### [Work order]
Down to the last line, retype the records below exactly and skip the pictures.

[Records from a collection]
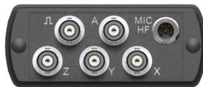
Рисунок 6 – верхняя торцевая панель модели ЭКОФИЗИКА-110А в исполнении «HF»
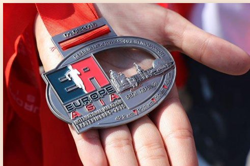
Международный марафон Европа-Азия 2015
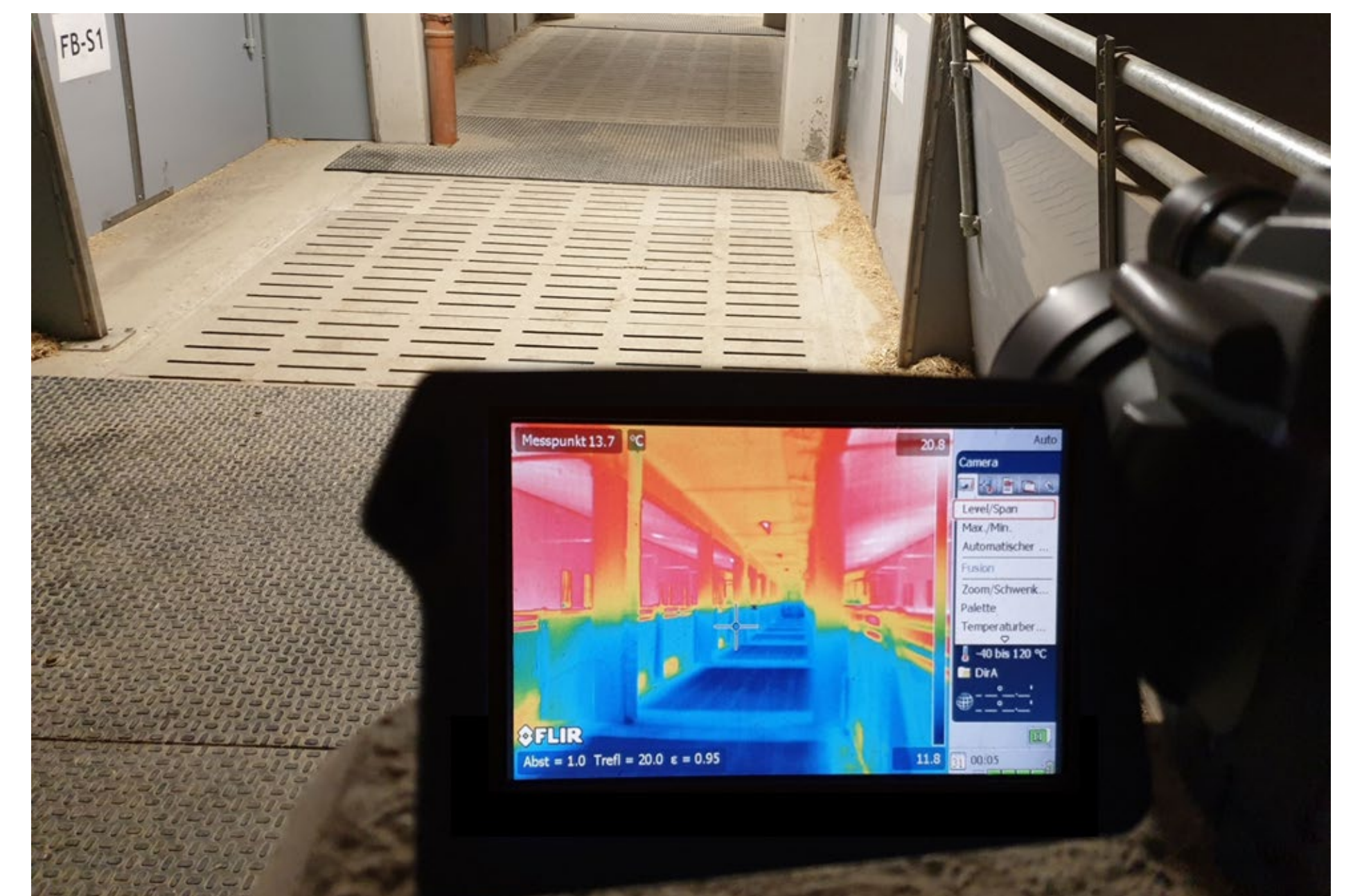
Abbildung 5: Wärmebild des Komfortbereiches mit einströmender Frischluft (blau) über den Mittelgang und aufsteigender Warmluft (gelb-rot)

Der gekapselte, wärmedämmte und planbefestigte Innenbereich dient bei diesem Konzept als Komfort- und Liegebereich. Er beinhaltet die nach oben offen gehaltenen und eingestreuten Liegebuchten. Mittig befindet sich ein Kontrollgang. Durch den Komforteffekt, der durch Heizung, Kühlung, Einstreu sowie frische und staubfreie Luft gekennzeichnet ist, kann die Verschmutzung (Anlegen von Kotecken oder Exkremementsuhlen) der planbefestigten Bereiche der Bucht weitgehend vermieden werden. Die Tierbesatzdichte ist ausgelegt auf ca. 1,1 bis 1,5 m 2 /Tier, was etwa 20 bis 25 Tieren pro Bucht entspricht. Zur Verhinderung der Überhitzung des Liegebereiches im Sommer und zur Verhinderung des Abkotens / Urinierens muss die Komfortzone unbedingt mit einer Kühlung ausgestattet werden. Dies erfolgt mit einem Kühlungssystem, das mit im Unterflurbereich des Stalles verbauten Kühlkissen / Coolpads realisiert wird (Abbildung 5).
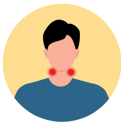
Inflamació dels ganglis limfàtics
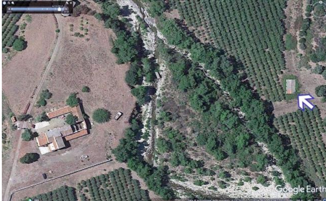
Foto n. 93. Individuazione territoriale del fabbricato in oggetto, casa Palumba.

### [Output]
Рисунок 6 – верхняя торцевая панель модели ЭКОФИЗИКА-110А в исполнении «HF»
Международный марафон Европа-Азия 2015
Abbildung 5: Wärmebild des Komfortbereiches mit einströmender Frischluft (blau) über den Mittelgang und aufsteigender Warmluft (gelb-rot)

Der gekapselte, wärmedämmte und planbefestigte Innenbereich dient bei diesem Konzept als Komfort- und Liegebereich. Er beinhaltet die nach oben offen gehaltenen und eingestreuten Liegebuchten. Mittig befindet sich ein Kontrollgang. Durch den Komforteffekt, der durch Heizung, Kühlung, Einstreu sowie frische und staubfreie Luft gekennzeichnet ist, kann die Verschmutzung (Anlegen von Kotecken oder Exkremementsuhlen) der planbefestigten Bereiche der Bucht weitgehend vermieden werden. Die Tierbesatzdichte ist ausgelegt auf ca. 1,1 bis 1,5 m 2 /Tier, was etwa 20 bis 25 Tieren pro Bucht entspricht. Zur Verhinderung der Überhitzung des Liegebereiches im Sommer und zur Verhinderung des Abkotens / Urinierens muss die Komfortzone unbedingt mit einer Kühlung ausgestattet werden. Dies erfolgt mit einem Kühlungssystem, das mit im Unterflurbereich des Stalles verbauten Kühlkissen / Coolpads realisiert wird (Abbildung 5).
Inflamació dels ganglis limfàtics
Foto n. 93. Individuazione territoriale del fabbricato in oggetto, casa Palumba.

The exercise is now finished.